Weight: Body weight (in gr).
Culmen: Length (in mm) of the upper bill from the tip to where it bumps into the fleshy part of the bird.
Hallux: Length (in mm) of the killing talon.
Tail: Measurement (in mm) related to the length of the tail.

Also we are going to eliminate the NaNs in the dataset. With these we will predict the “Species” of hawks, in other words, these are our dependent variables, the classes we want to predict.

# Load data and eliminate NANs
try:
    Hawks = pd.read_csv(os.path.join("..", "data", "Hawks.csv"))[
        ["Wing", "Weight", "Culmen", "Hallux", "Tail", "Species"]
    ].dropna()
except FileNotFoundError:
    Hawks = pd.read_csv(pm.get_data("Hawks.csv"))[
        ["Wing", "Weight", "Culmen", "Hallux", "Tail", "Species"]
    ].dropna()

Hawks.head()

	Wing	Weight	Culmen	Hallux	Tail	Species
0	385.0	920.0	25.7	30.1	219	RT
2	381.0	990.0	26.7	31.3	235	RT
3	265.0	470.0	18.7	23.5	220	CH
4	205.0	170.0	12.5	14.3	157	SS
5	412.0	1090.0	28.5	32.2	230	RT

EDA#

The following compares covariables to get a rapid data visualization for the 3 species.

sns.pairplot(Hawks, hue="Species");

/home/osvaldo/anaconda3/envs/arviz_1/lib/python3.14/site-packages/seaborn/axisgrid.py:123: UserWarning: The figure layout has changed to tight
  self._figure.tight_layout(*args, **kwargs)

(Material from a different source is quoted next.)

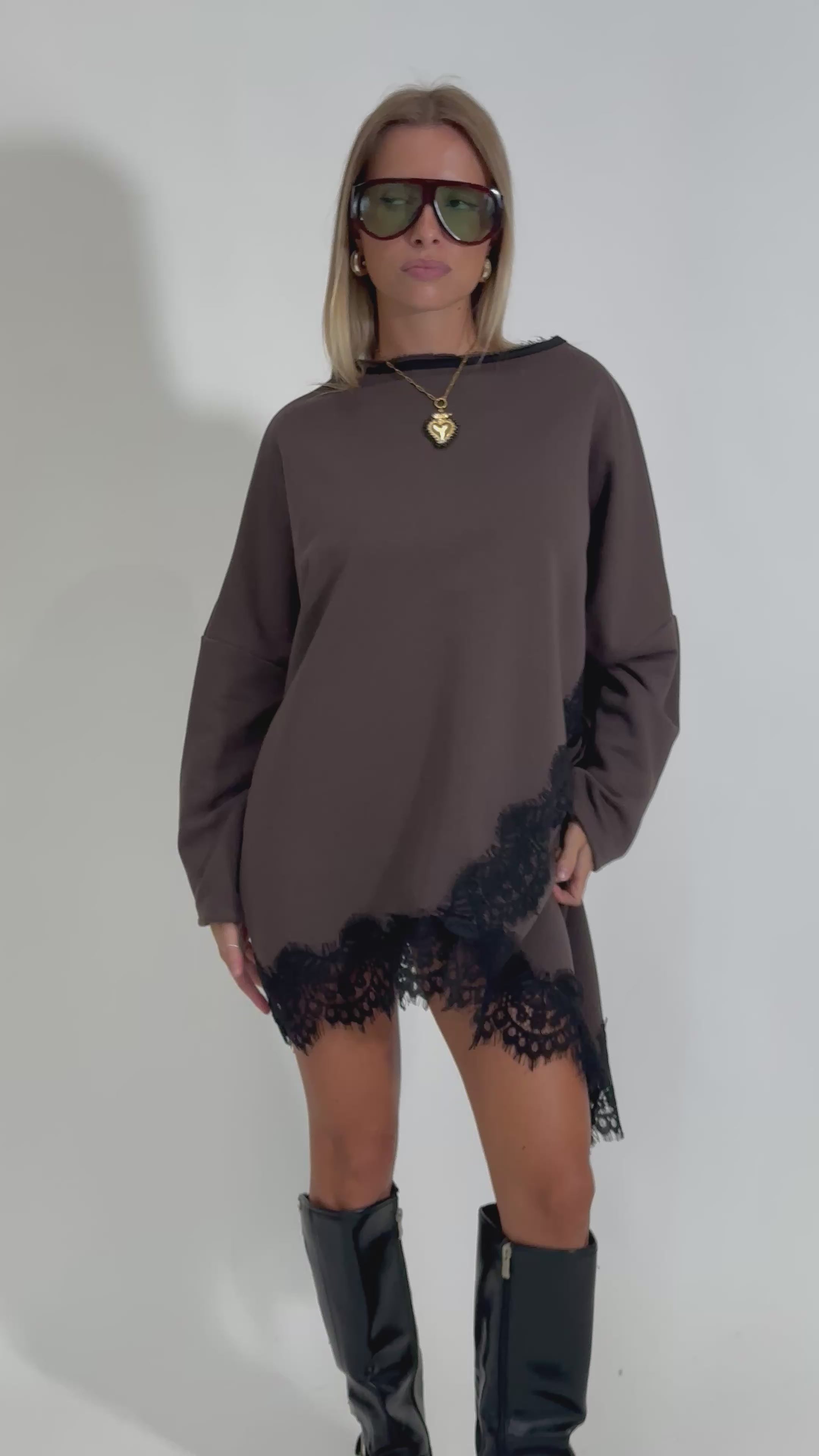Felpa garzata dal taglio over asimmetrica con inserti in pizzo.

../_images/d0a51eae355fcb0afe531ade423f2634dee1e1c9c98782c83f938140cf765e2b.png

It can be seen that the RT species have distributions more differentiated than the other two in almost all covariables, and the covariables wing, weight, and culmen present certain separations between species. Still, none of the variables have a marked separation among the species distributions such that they can cleanly separate them. It is possible to make a combination of covariables, probably wing, weight, and culmen, to achieve the classification. These are the principal reasons for realizing the regression.

Model Specification#

First, we are going to prepare the data for the model, using “Species” as response and, “Wing”, “Weight”, “Culmen”, “Hallux” and “Tail” as predictors. Using pd.Categorical(Hawks['Species']).codes we can codify the name species into integers between 0 and 2, being 0=”CH”, 1=”RT” and 2=”SS”.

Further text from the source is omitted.